La presentación de resultados del trabajo adelantado por la Misión Rural, que busca la transformación del campo colombiano, volvió a poner de presente el cúmulo de desafíos que tiene el país en esta materia. Tal como dijo su director, el exministro José Antonio Ocampo, el propósito es saldar una deuda histórica, cuyo saldo se expresa en males como pobreza, desigualdad y violencia.
Aunque todavía faltan varias puntadas y la inclusión de diversas estrategias en el Plan de Desarrollo de la administración, hay mucho por hacer. No solo se requieren políticas de Estado con visión de largo plazo, sino un enfoque integral que comprenda aspectos sociales y ambientales. Es importante que las estrategias se construyan desde el territorio de manera participativa y que la visión sea lo más amplia posible.
En la medida en que se haga la tarea será posible no solo cerrar las inmensas brechas que hoy distancian al campo de la ciudad, sino contar con un sector competitivo. Ello exige no solo recursos, sino una profunda reforma institucional que obedezca a criterios de eficiencia.
En la rueda de prensa del martes quedó claro que hay que comenzar por lo más urgente. Al respecto, el director del Departamento Nacional de Planeación, Simón Gaviria, señaló que el tema de la tierra es crítico. De acuerdo con la Misión, solo el 36,4 por ciento de los hogares rurales tiene acceso a esta, mientras que entre quienes poseen una propiedad, más del 59 por ciento se encuentra en informalidad por diversos factores como las dificultades para legalizar sus títulos.
Semejante realidad requiere poner manos a la obra. En tal sentido, la reciente radicación en el Congreso del proyecto de ley por medio del cual se crean las Zonas de Interés de Desarrollo Rural y Económico, que permitirían el establecimiento de proyectos asociativos, es una oportunidad que no se puede desaprovechar.
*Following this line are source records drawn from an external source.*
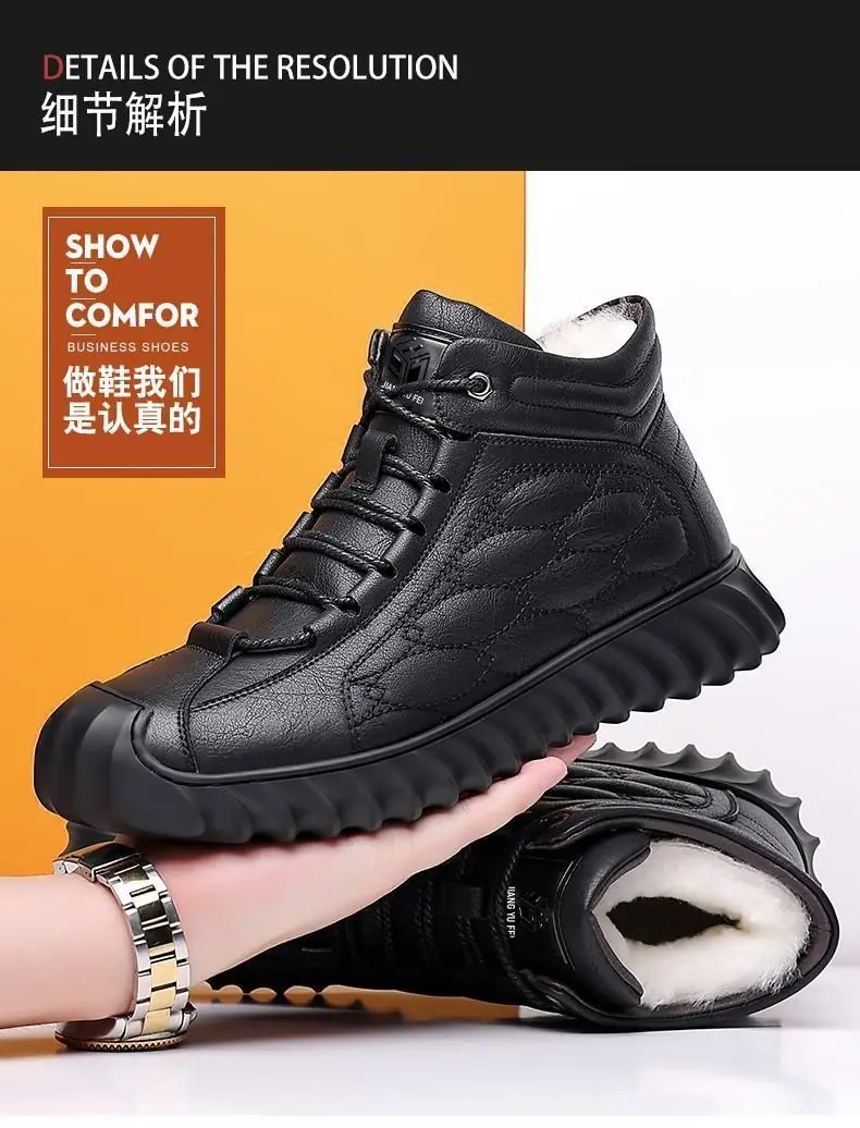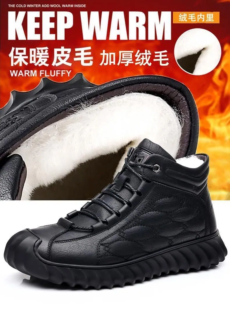 Compra Liquidación de Invierno 2024 Cuero Cálido con forro polar Zapatos de Algodón para Hombre Nieve a Prueba de Frío Botas Altas Antideslizantes Zapatos Gruesos de Algodón para Hombre al por mayor en Joom.pro
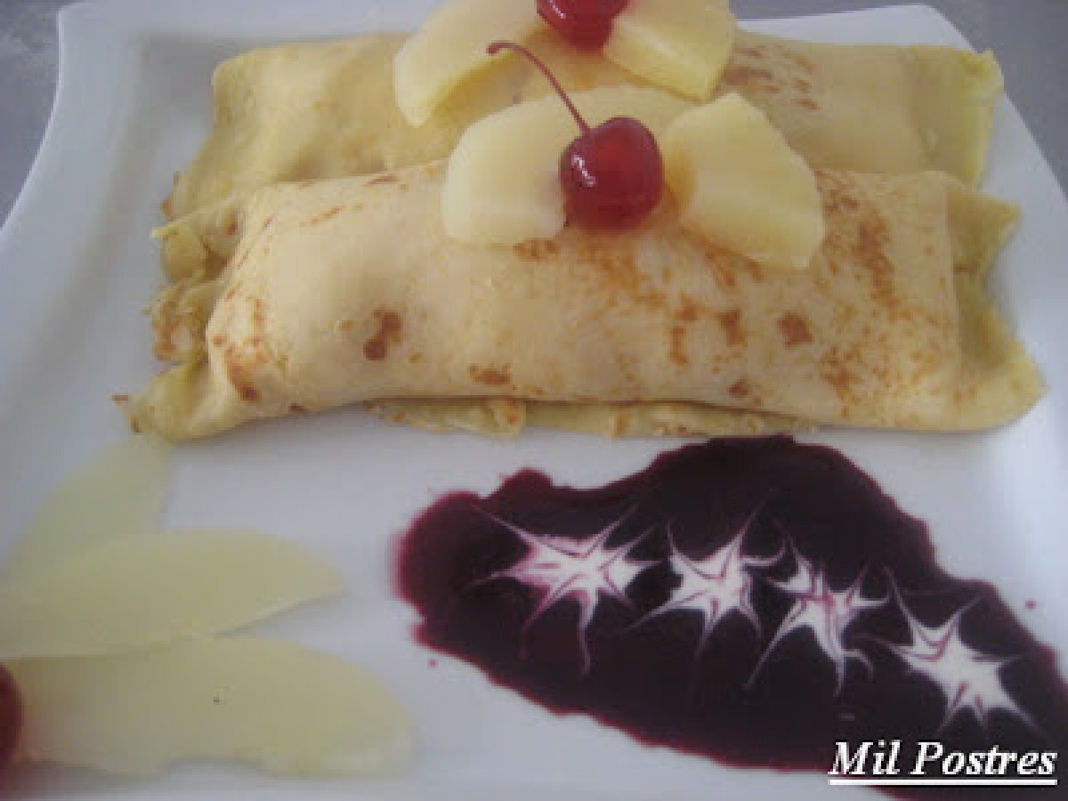 Crepes de crema y frutas con coulis de frutas rojas AnteriorSiguiente PostreFácil50 min568 Kcal Enviar esta receta a un amigo Imprimir esta página Preguntar al autor Publicar la foto de esta receta Un buen postre para una buena digestión. Ingredientes 3 150 gr. de harina 3 huevos 1/4 litro de leche 50 gr. de mantequilla 50 gr. de azúcar una pizca de sal 2 cucharadas soperas de brandy Para el relleno: fruta la que se desee pelada y cortada en dados azúcar al gusto Crema pastelera Coulis de frutas rojas variadas Costo estimado: 4.56Euros€ (1.52€/porción)
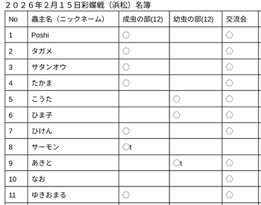 【開催告知】2026年2月15日(日)蟲神器公認大会”彩蝶戦”@静岡県浜松市
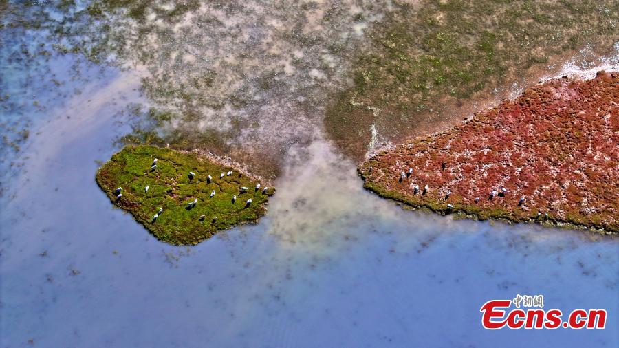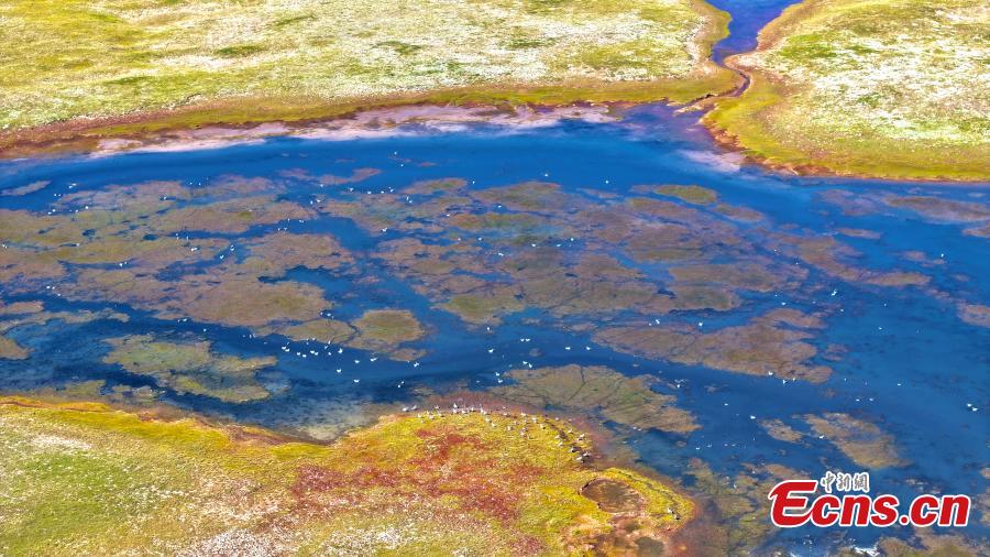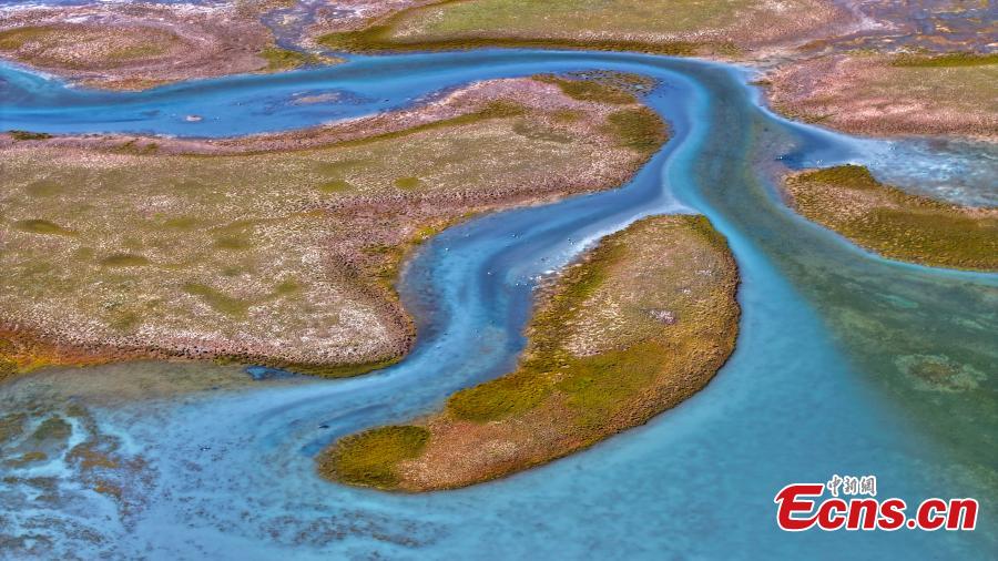 Aerial view of Bande Lake on the Tuotuo River, the headwaters of the Yangtze River in northwest China's Qinghai Province, Sept. 13, 2023. (Photo/China News Service)

Sin desconocer que la iniciativa serviría para que se exploten los baldíos mediante el mecanismo de concesión, sin que el Estado ceda la propiedad, esta no soluciona los problemas que vienen de atrás. Aquellos comienzan por el limbo actual que surgió por la interpretación de la Ley 160 de 1994 y que puso en entredicho los derechos de un número inmenso de propietarios de buena fe. Para los conocedores, hay unos 620.000 predios, de todos los tamaños, afectados por un signo de interrogación.
Debido a ello, es indispensable comenzar por darle certeza jurídica al campesino y al empresario. En la medida en que la titularidad de un terreno no se encuentre bajo sospecha, será más sencillo para su dueño integrarse a las corrientes de la formalidad y tener acceso al crédito o la asistencia técnica.
Todo esto debe formar parte de una política agraria incluyente, en donde quepan los distintos modelos que permitan la asociatividad entre pequeños, medianos y grandes propietarios. Lo que resulta relevante es que se responda al principio de progresividad que, de manera reiterada, la Corte Constitucional ha expresado en diferentes fallos, sobre mejorar las condiciones de vida de la población rural.
Al respecto, es fácil hacer demagogia. La opinión es terreno fértil para quienes quieren pescar en río revuelto y afirman que de lo que se trata es de enmendarle la plana a los terratenientes. Los debates en torno a ciertas adquisiciones en la Orinoquía están frescos en la mente de la ciudadanía, pero no deberían llevar al Gobierno a rehuir el debate.
La razón es que si se trata de concretar el revolcón que el campo necesita, no basta con definir lo que se puede hacer de ahora en adelante. También hay que atar los cabos sueltos y el más importante es el de reconocerle a quien haya heredado, comprado o recibido terrenos, que es dueño de su parcela. El sistema, por supuesto, debe estar blindado contra los criminales, pero no puede haber duda alguna de que el acertijo de la tierra en Colombia debe resolverse.